> **Task description**
Retype, exactly as written, every line from the one containing "Estuche de Cuero" through the last line of the records below, both included; skip the pictures.

> **Data records**

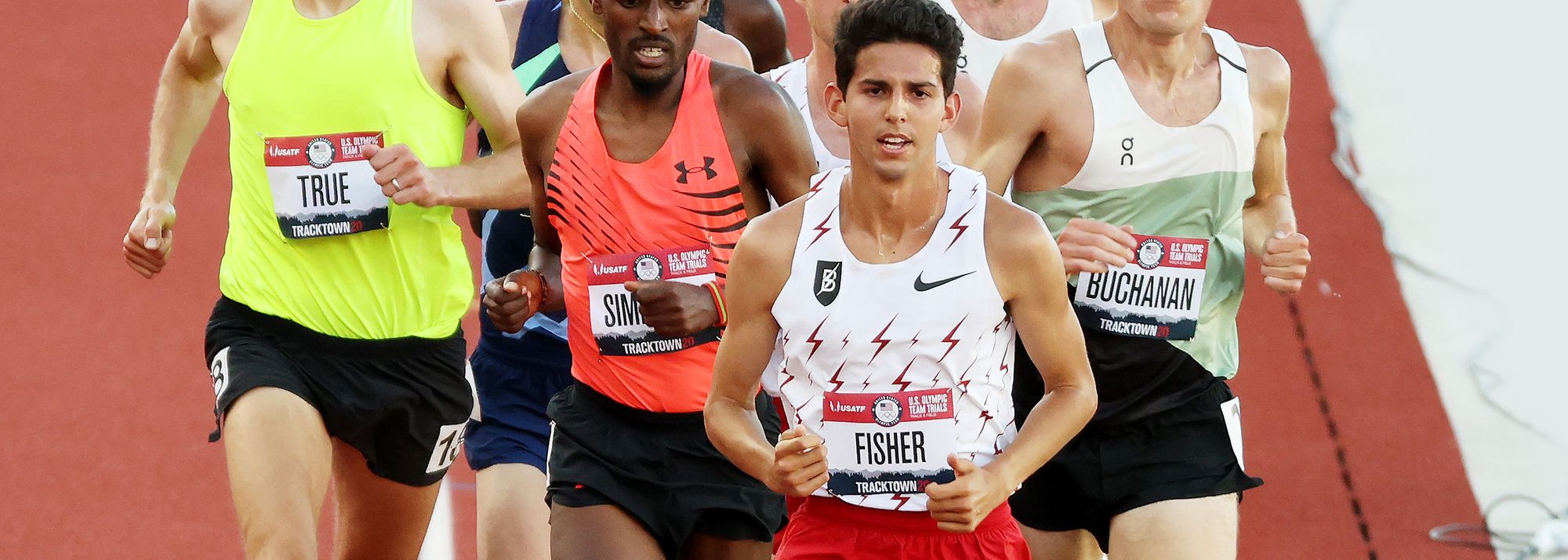 After reaching 3000m in 7:53.51 with Britain’s Sam Atkin leading the pack, the pace started to increase; the 32-second laps became 31-second laps, then progressed to 30 and even quicker. With the fourth kilometre covered in 2:31.76, Atkin drifted off the pace, leaving Fisher, Ahmed, Emmanuel Bor and Scott at the front of the lead group.
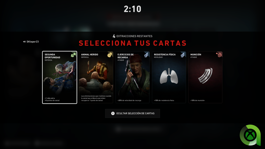 En primer lugar, tenemos que destacar que antes de iniciar cualquier tipo de partida estaremos en el Campamento. Una especie de campamento que hará de lobby, y que nos permitirá seleccionar el modo de juego y reunirnos con nuestros amigos. Además de esto, podremos probar diferentes armas e interactuar con una de las principales novedades de este título, las cartas. Esta nueva funcionalidad llega para quedarse y darle una mayor profundidad jugable que la que encontrábamos en los míticos Left 4 Dead. Aunque en un principio puede resultar un poco lioso, al cabo de un par de misiones de la campaña te harás a su funcionamiento.
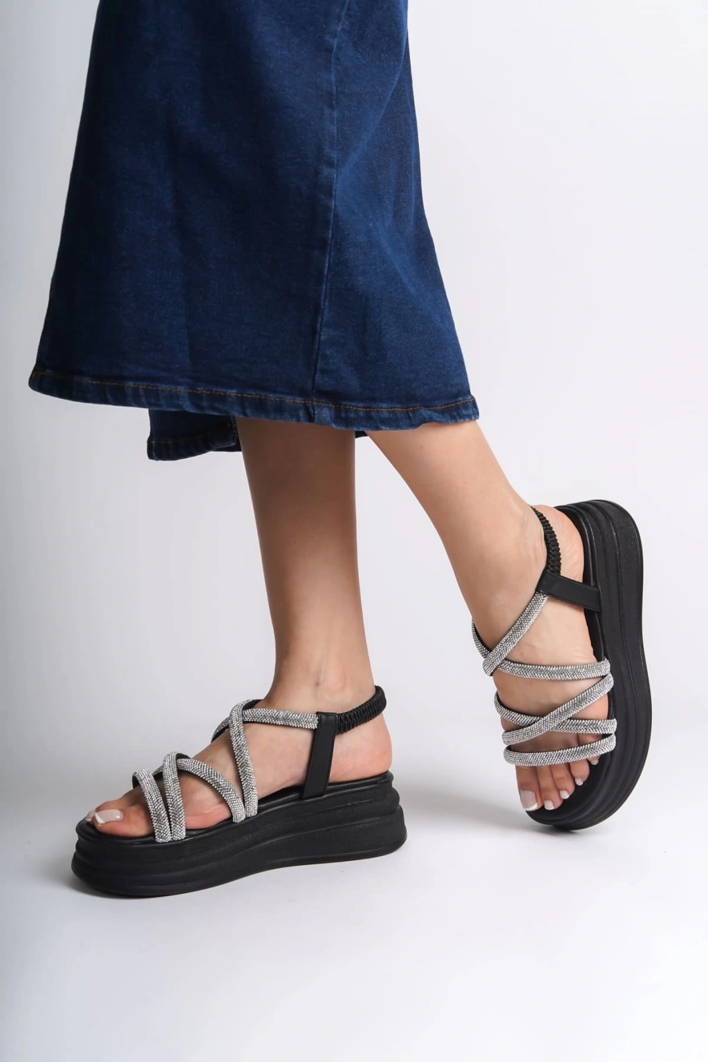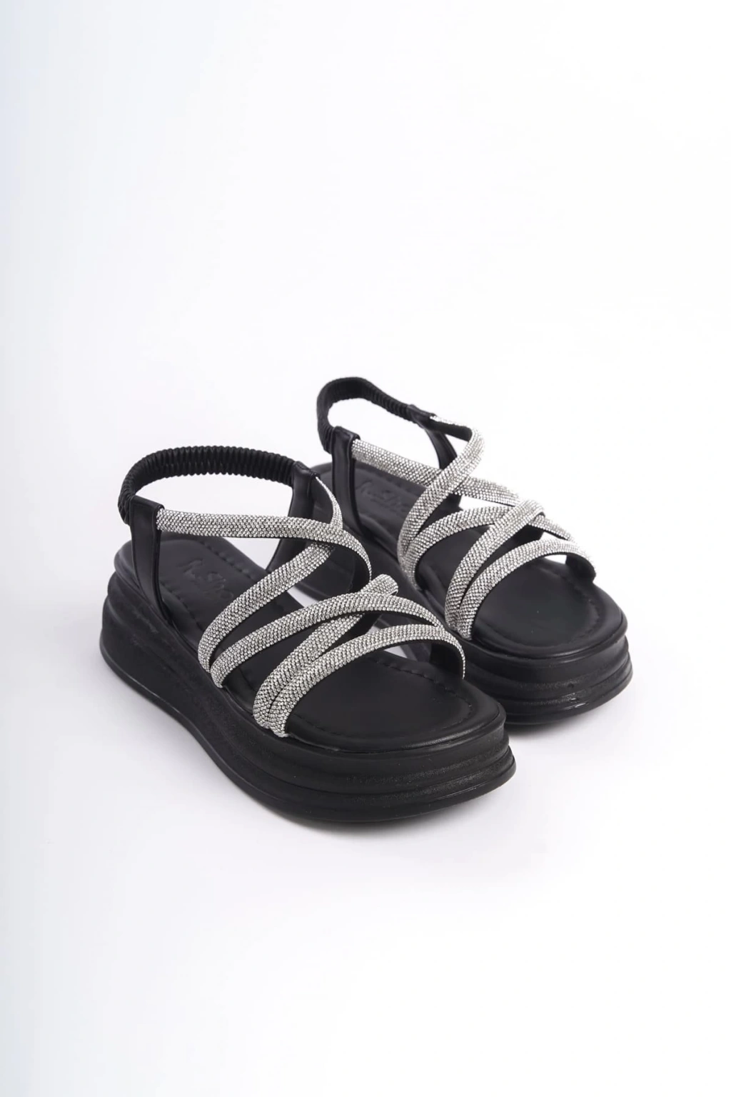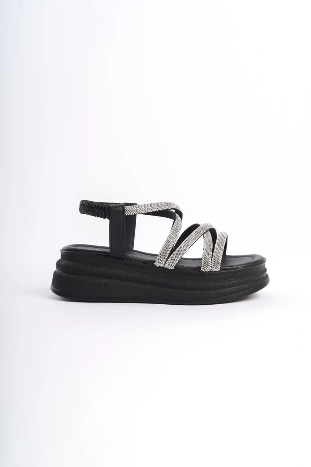 ELENA Lastikli Taşlı Şeritli Ortopedik Taban Kadın Sandalet CST - Siyah
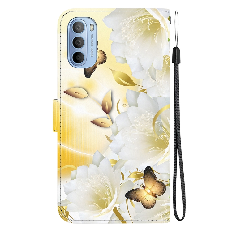 Estuche de Cuero para Motorola Moto G31 y G41 con Dibujo Epiphyllum Mariposa Dorada y Textura de Cristal
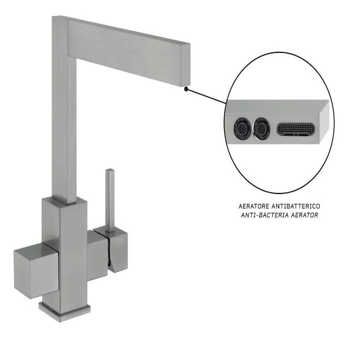 Τρίοδος μίκτης νεροχύτη, 100% Ιταλικής κατασκευής, με περιστρεφόμενο στόμιο σε κεραμική έδρα.

> **Exercise response**
 Estuche de Cuero para Motorola Moto G31 y G41 con Dibujo Epiphyllum Mariposa Dorada y Textura de Cristal
 Τρίοδος μίκτης νεροχύτη, 100% Ιταλικής κατασκευής, με περιστρεφόμενο στόμιο σε κεραμική έδρα.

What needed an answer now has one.